Somebody asked me what I thought of plans that have been posted here for making a bigger cutter out of a K40. My feeling is that it’s the wrong way around, but maybe I’m looking from the wrong perspective - I do like to tinker with hardware more than actually do production.
The way I see it is, the K40 has a smart metal box containing a reject tube, an unreliable power supply, a low-performance motion controller, some lossy mirrors in shaky mounts and a few other cheap parts such as fans, pumps and dodgy software.
Now, that might sound bad. Lol. But the truth is, you get all those bits for very little money - it would cost quite a bit more to get even the same parts individually, let alone higher quality ones. And most of us don’t have the experience to choose them and put them together, at least until we’ve spent a year or so fixing our K40s.

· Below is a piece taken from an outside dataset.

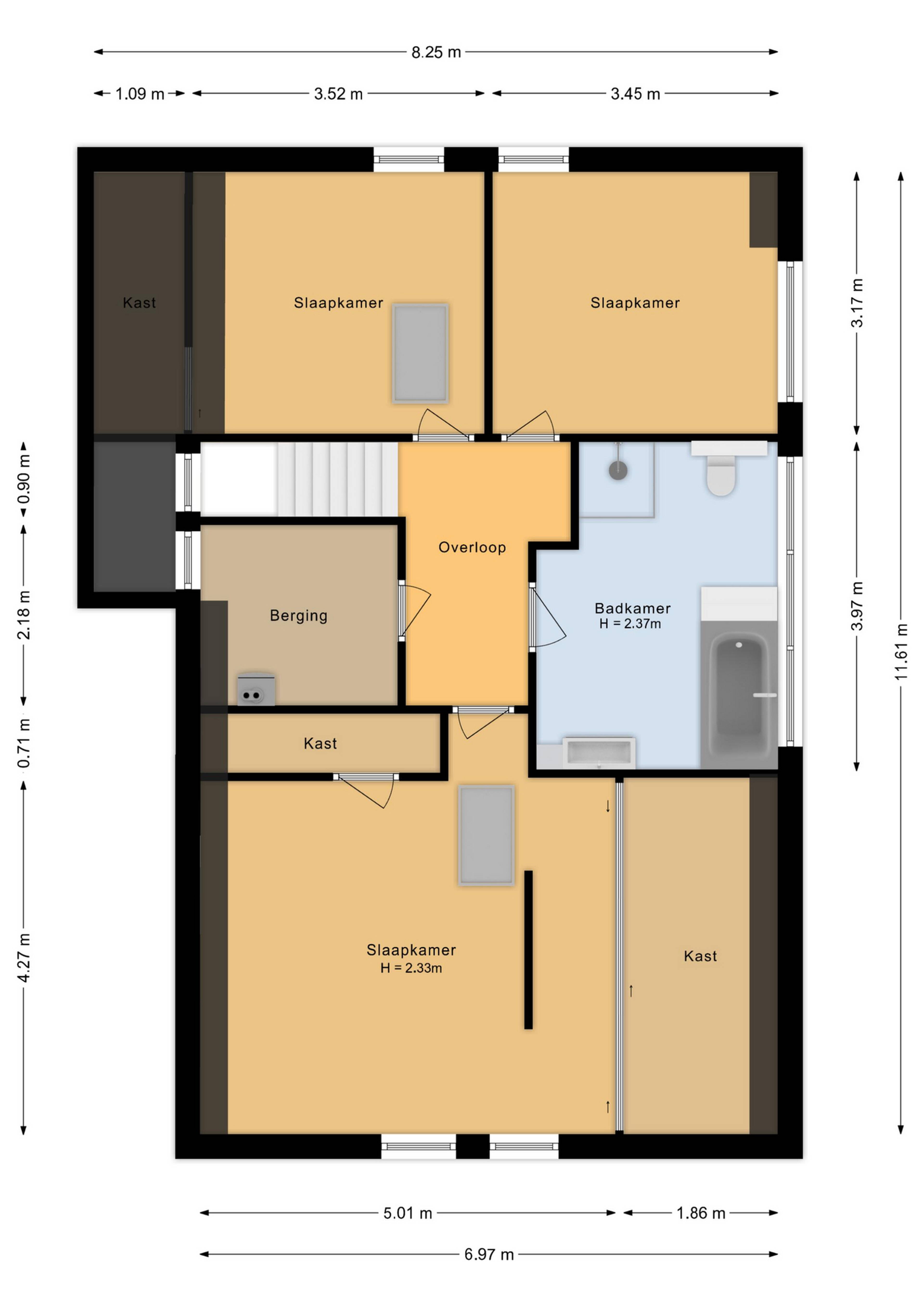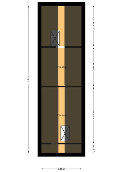 Boven de eerste verdieping bevindt zich een praktische vliering van circa 6 m², ideaal als extra bergruimte.

So it’s not a bad deal, if you think of it as a starter kit. Then, as you gain experience, you improve the ventilation and cooling because they’re outright insane, the tube runs out of life and you change it for one that really is 40W, the mirrors get scratched and you replace them, the power supply dies and you replace it with one that’s a bit better made, you get impatient with the motion controller and want to add one that also controls tube power or works with better software and, finally, you want more cutting area so you put some new slides in a bigger box.

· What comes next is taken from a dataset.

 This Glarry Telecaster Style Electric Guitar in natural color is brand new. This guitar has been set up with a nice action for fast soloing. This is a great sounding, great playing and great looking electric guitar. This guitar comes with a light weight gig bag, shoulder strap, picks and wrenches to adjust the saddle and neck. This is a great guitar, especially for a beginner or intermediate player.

To me, this makes the K40 worthwhile. It allows a cheap start and incremental improvement at the cost of endless tinkering. Other possibilities are buying a high spec machine to start with (great if it’s earning money for you) or putting all the K40 bits in a bigger box (OK, but it seems to me you’re throwing away the only bit that’s any good and living longer with the poor stuff).
I totally recognise that this isn’t everyone’s view and people have different priorities (mine is to learn, not to make a profit) so feel free to tell me I’m wrong. I’m just interested to hear another side.